__Provided material__:
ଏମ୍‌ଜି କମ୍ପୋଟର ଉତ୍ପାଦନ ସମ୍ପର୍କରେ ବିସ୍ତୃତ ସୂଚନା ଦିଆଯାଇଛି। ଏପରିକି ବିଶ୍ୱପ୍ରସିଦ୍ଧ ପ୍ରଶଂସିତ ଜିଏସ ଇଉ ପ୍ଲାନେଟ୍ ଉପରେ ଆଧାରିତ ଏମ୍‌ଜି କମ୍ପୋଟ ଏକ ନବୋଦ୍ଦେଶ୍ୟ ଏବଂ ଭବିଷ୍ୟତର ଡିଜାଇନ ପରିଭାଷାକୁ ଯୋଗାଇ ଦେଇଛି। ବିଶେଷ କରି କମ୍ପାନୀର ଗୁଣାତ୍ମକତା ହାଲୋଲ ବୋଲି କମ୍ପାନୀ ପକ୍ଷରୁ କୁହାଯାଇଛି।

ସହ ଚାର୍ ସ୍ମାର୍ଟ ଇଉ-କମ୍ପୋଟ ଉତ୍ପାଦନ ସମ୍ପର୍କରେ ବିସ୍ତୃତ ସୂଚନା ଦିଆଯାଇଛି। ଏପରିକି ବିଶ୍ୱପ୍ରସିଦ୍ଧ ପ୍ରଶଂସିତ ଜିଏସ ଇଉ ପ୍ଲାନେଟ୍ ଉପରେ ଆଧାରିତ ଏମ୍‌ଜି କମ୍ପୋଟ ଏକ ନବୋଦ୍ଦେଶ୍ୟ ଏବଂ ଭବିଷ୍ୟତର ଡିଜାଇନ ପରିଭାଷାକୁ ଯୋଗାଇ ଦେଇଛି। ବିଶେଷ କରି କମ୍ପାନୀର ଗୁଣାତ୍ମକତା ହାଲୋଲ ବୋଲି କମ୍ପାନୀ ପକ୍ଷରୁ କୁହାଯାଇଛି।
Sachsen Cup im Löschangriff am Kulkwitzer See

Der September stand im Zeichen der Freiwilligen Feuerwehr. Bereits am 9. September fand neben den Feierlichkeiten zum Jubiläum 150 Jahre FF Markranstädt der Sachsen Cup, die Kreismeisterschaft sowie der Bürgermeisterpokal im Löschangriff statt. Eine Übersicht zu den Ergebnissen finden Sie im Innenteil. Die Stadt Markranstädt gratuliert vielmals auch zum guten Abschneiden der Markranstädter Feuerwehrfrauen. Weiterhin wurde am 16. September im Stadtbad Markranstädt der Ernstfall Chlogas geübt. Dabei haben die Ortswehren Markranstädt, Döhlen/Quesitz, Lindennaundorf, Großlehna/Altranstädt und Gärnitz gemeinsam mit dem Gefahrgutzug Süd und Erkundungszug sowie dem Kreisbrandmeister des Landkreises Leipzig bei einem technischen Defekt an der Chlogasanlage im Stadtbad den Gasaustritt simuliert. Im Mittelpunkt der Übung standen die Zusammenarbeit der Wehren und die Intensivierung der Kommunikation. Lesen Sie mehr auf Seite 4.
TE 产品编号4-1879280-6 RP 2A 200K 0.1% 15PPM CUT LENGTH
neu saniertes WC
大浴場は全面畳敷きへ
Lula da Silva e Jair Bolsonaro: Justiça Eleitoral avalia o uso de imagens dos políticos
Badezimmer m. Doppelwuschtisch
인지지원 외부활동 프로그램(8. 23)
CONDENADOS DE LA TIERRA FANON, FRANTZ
---
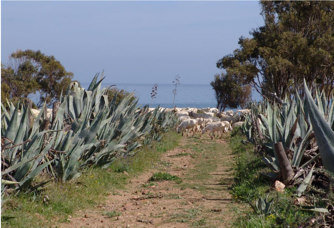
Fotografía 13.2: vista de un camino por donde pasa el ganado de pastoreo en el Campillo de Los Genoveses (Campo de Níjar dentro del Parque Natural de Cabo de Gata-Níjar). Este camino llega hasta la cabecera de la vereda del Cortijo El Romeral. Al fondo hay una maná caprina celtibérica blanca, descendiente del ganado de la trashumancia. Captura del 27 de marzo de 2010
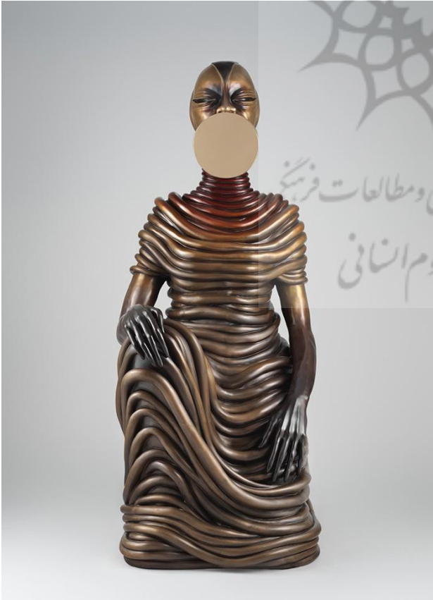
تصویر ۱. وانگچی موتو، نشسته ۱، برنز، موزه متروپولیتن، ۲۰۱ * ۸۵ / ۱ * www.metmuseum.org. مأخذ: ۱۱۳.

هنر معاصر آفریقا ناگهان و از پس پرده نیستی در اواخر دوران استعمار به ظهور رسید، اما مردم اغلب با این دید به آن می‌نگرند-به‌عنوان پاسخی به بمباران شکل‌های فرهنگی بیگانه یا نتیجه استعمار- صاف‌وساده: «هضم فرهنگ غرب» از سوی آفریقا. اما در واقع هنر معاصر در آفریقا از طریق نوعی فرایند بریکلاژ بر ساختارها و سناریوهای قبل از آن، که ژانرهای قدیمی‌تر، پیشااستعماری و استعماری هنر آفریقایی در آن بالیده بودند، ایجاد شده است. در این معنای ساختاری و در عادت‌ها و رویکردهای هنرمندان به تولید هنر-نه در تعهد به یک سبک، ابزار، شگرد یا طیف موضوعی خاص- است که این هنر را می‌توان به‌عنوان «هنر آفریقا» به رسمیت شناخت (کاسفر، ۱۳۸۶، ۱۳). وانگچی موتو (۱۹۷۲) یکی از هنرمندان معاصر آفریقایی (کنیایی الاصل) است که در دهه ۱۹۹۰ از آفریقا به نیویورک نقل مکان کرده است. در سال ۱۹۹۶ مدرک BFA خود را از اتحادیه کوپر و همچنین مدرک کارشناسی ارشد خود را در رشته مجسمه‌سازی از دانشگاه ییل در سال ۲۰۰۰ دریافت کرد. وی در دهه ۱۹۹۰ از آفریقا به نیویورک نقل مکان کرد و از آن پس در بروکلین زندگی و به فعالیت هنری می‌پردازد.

__Exercise directions__: Starting at the line that has "인지지원 외부활동 프로그램(8. 23)" and ending at the line that has "CONDENADOS DE LA TIERRA FANON, FRANTZ", please write out the lines above exactly, leaving out all others.

__Output of the task__:
인지지원 외부활동 프로그램(8. 23)
CONDENADOS DE LA TIERRA FANON, FRANTZ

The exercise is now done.